I think there are applications beyond art. The immediate use case I see is a valve. There are cases where you may want to prevent dust going between two locations, and covering a hole with a flap is one solution.
Take several of the "With hole" ones and stack them. Wire them with alternating polarities and you have a wildly useful device... Like tiny self-opening/closing curtain hangers for a tiny window, or if you put some thin, pleated fabric between each one, you can have a bellows without a piston and associated rubbing/sealing.
Hey Carl, look into the flex PCB i-beam effect. If you put traces directly over each other on the top and bottom layer, it creates more stress in the copper than if the traces were offset.
While a bit more on the art side, the stability of those two-arm actuators would probably do a good job of showing how a DLP chip works at a macro scale (just need to put some aluminium tape on the reverse to act as a lightweight mirror)
Perfect test system for light weight flexible couplings. Valves for very low air pressures. Someone somewhere is looking for this to fit an application.
Do you think it would work for moving air? Mounting on a heat sink? How much power does it use compared to a fan? Really cool little thing. I can think of so many interesting ways of using this.
To reach the best design for the arms you could use optimization algorithms that minimize the mass while also minimizing the bending natural frequency and max mises stress in the arms and maximizes the twisting natural frequencies.

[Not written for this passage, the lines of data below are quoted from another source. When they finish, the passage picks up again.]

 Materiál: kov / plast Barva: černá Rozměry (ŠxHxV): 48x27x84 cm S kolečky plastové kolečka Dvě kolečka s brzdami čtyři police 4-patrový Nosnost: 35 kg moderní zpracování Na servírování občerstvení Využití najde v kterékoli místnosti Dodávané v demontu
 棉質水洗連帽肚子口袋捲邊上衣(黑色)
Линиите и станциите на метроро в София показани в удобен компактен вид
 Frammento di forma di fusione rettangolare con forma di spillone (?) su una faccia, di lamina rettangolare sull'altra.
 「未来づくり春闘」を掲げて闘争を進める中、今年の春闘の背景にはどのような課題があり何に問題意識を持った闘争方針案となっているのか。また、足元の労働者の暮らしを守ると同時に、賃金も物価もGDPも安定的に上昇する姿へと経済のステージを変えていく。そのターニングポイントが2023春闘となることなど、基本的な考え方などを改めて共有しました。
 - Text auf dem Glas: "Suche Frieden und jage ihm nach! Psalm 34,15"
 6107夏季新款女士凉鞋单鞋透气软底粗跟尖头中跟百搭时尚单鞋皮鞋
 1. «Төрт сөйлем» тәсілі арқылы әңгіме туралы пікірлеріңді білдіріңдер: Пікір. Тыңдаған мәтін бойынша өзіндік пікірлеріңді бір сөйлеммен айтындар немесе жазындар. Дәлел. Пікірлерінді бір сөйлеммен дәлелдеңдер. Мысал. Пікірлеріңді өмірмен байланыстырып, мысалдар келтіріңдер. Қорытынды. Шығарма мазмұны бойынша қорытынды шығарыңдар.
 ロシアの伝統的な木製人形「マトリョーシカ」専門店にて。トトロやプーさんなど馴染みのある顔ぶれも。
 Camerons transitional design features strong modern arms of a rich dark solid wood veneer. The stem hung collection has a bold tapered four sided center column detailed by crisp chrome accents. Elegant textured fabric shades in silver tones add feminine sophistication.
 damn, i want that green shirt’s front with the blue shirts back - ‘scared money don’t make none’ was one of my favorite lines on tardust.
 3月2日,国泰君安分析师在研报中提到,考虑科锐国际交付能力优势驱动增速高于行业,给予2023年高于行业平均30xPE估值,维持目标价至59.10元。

During your long term durability testing it might not be a terrible idea to also do a frequency sweep. That would cover any faster wear with specific frequencies. Just an idea. I'm not even and engineer, so do what you will with that info
Another application I can think of, is automatic playing of a wind instrument like a saxophone, clarinet, oboe, etc. The way those actuators move would be perfect to close and open the holes on the windpipe of a wind instrument.